Зато я сидела и уплетала за обе щеки. Когда Гизика иногда приходила к нам домой, она целовала матушке руку, с боязливым почтением здоровалась с отцом и потом тихо сидела, изумленными, счастливыми глазами глядя на наши книги, на ужасную лиловую занавеску в кухне, – а если в это. время являлся кто-нибудь из матушкиных учеников и начинал терзать Моцарта, губы у Гизики раскрывались, она умоляюще поднимала руку, чтобы я не мешала ей слушать. Когда она так сидела, склонив набок красивую головку и упиваясь бездарной игрой, у меня было такое чувство, что она нам завидует, и я едва удерживалась от смеха – настолько мне дико было, что кто-то, живя среди жирных, вкусных блюд, рядом с сильным, здоровым, как бык, отцом, завидует мне, моим безносым туфлям, вечному бренчанью рояля, от которого хотелось бежать куда глаза глядят.

Дядья Гизики вышли из дела еще до того, как я начала к ним ходить: но на вывеске корчмы три гусара по-прежнему выпячивали животы и высоко поднимали кружки, словно ее все еще вели три брата, а не один Йожи Гусар, отец Гизики. Ты знаешь, я начинаю скандалить, если радио не спешит выслать перевод или если на полдня запаздывает какой-нибудь гонорар. Йожи был единственным, кому я позволяла выплачивать мне за репетиторство лишь по моей просьбе.
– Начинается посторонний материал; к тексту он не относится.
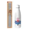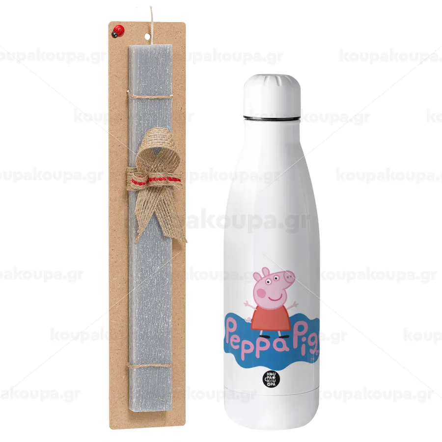 Πέππα το γουρουνάκι μπλε με όνομα, Πασχαλινή Λαμπάδα με μεταλλικό παγούρι θερμός ανοξείδωτο (500ml) & κερί αρωματικό πλακέ (30cm) (ΓΚΡΙ)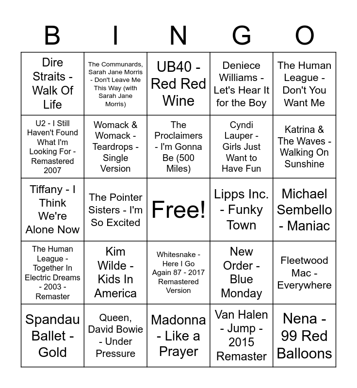 This bingo card has a free space and 100 words: Eurythmics - Sweet Dreams (Are Made of This) - Remastered, TOTO - Africa, Michael Sembello - Maniac, Tears For Fears - Everybody Wants To Rule The World, a-ha - Take on Me, Kenny Loggins - Footloose - From "Footloose" Soundtrack, Journey - Don't Stop Believin', Men At Work - Down Under, Soft Cell - Tainted Love, Michael Jackson - Beat It - Single Version, Daryl Hall & John Oates - You Make My Dreams, Bryan Adams - Summer Of '69, Whitney Houston - I Wanna Dance with Somebody (Who Loves Me), Queen, David Bowie - Under Pressure, Simple Minds - Don't You (Forget About Me), Elton John - I'm Still Standing, Cyndi Lauper - Girls Just Want to Have Fun, Starship - We Built This City, Bon Jovi - You Give Love A Bad Name, Bonnie Tyler - Holding Out for a Hero - From "Footloose" Soundtrack, Belinda Carlisle - Heaven Is a Place on Earth, Kim Carnes - Bette Davis Eyes, Rick Astley - Never Gonna Give You Up, Wham! - Wake Me Up Before You Go-Go, The Buggles - Video Killed The Radio Star, Lipps Inc. - Funky Town, The Human League - Don't You Want Me, New Order - Blue Monday, Eric Carmen - Hungry Eyes, Dexys Midnight Runners - Come On Eileen, The Pointer Sisters - I'm So Excited, Dire Straits - Walk Of Life, Culture Club - Karma Chameleon - Remastered, Philip Bailey, Phil Collins - Easy Lover, Van Halen - Jump - 2015 Remaster, The Proclaimers - I'm Gonna Be (500 Miles), Fleetwood Mac - Everywhere, Taylor Dayne - Tell It to My Heart, Matthew Wilder - Break My Stride, Billy Joel - Uptown Girl, Phil Collins - You Can't Hurry Love, Michael Jackson - Thriller - 2003 Edit, Tiffany - I Think We're Alone Now, Kenny Loggins - Danger Zone - From "Top Gun" Original Soundtrack, Katrina & The Waves - Walking On Sunshine, UB40 - Red Red Wine, Duran Duran - Hungry Like the Wolf - 2009 Remaster, Survivor - Eye of the Tiger, Depeche Mode - Just Can't Get Enough, Madonna - Like a Prayer, Billy Idol - White Wedding, Kool & The Gang - Get Down On It - Single Version, George Harrison - Got My Mind Set On You - 2004 Mix, Lionel Richie - All Night Long (All Night), Paul Simon - You Can Call Me Al, George Michael - Faith - Remastered, Pet Shop Boys - West End Girls - 2001 Remaster, Men Without Hats - The Safety Dance, Madonna - Like a Virgin, Deniece Williams - Let's Hear It for the Boy, Irene Cara - What A Feeling, The Cure - Close To Me, Don Henley - The Boys Of Summer, INXS - Need You Tonight, Dead Or Alive - You Spin Me Round (Like a Record), Cameo - Word Up, Prince - Kiss, Fine Young Cannibals - She Drives Me Crazy, Huey Lewis & The News - The Power Of Love, The Police - Every Little Thing She Does Is Magic - Remastered 2003, Madness - Our House, Kim Wilde - Kids In America, Tina Turner - What's Love Got to Do with It, The Rolling Stones - Start Me Up - 2009 Re-Mastered Digital Version, Genesis - Invisible Touch - Remastered, Run–D.M.C., Aerosmith - Walk This Way (feat. Aerosmith), Spandau Ballet - True - Single Edit, U2 - I Still Haven't Found What I'm Looking For - Remastered 2007, Frankie Goes To Hollywood - Relax - 7" Mix, The B-52's - Love Shack, Steve Winwood - Higher Love - Single Version, Nena - 99 Red Balloons, Chaka Khan - Ain't Nobody, Whitesnake - Here I Go Again 87 - 2017 Remastered Version, Prince - Raspberry Beret, The Communards, Sarah Jane Morris - Don't Leave Me This Way (with Sarah Jane Morris), ABBA - Super Trouper, Erasure - A Little Respect, Luther Vandross - Never Too Much, The Human League - Together In Electric Dreams - 2003 - Remaster, Marvin Gaye - Sexual Healing, Joy Division - Love Will Tear Us Apart, Four Tops - Loco in Acapulco, Spandau Ballet - Gold, Womack & Womack - Teardrops - Single Version, Boy Meets Girl - Waiting for a Star to Fall, Diana Ross - Chain Reaction, The Stranglers - Golden Brown, Tight Fit - The Lion Sleeps Tonight and Huey Lewis & The News - Hip To Be Square.

У нас была заведена одна игра. Когда подходило первое число, Йожи морщил лоб, тряс головой, хлопал себя по коленям, клялся, что разорен, что в следующем месяце закроет корчму, что платить ему нечем и что вообще я съела свою плату. А я ломала руки, плакала, роняя на стол крупные слезы, говорила, что не переживу, если мне придется уйти без денег – и рыдала до тех пор, пока Йожи не расстегивал ворот рубашки и не падал рядом со мной на скамью, лиловый от хохота. Йожи первый увидел во мне актрису. Ритуал завершался тем, что я шла за деньгами к кассе пивного зала, и это тоже было весело; правда, дома я не смела об этом рассказывать, потому что пьяные норовили поймать меня за юбку; да и Юсти не любила эту нашу игру и осуждающе качала головой, стоя у дивного крана. Йожи монета за монетой отсчитывал мне в ладонь деньги – всегда давая немного больше, чем надо, – потом дергал меня за волосы, шлепал по заду и выталкивал за дверь. Отец вообще не знал, что я хожу к Гизике в «Три гусара»; об этом я сказала только матери. Я заметно поправилась на ужинах Юсти.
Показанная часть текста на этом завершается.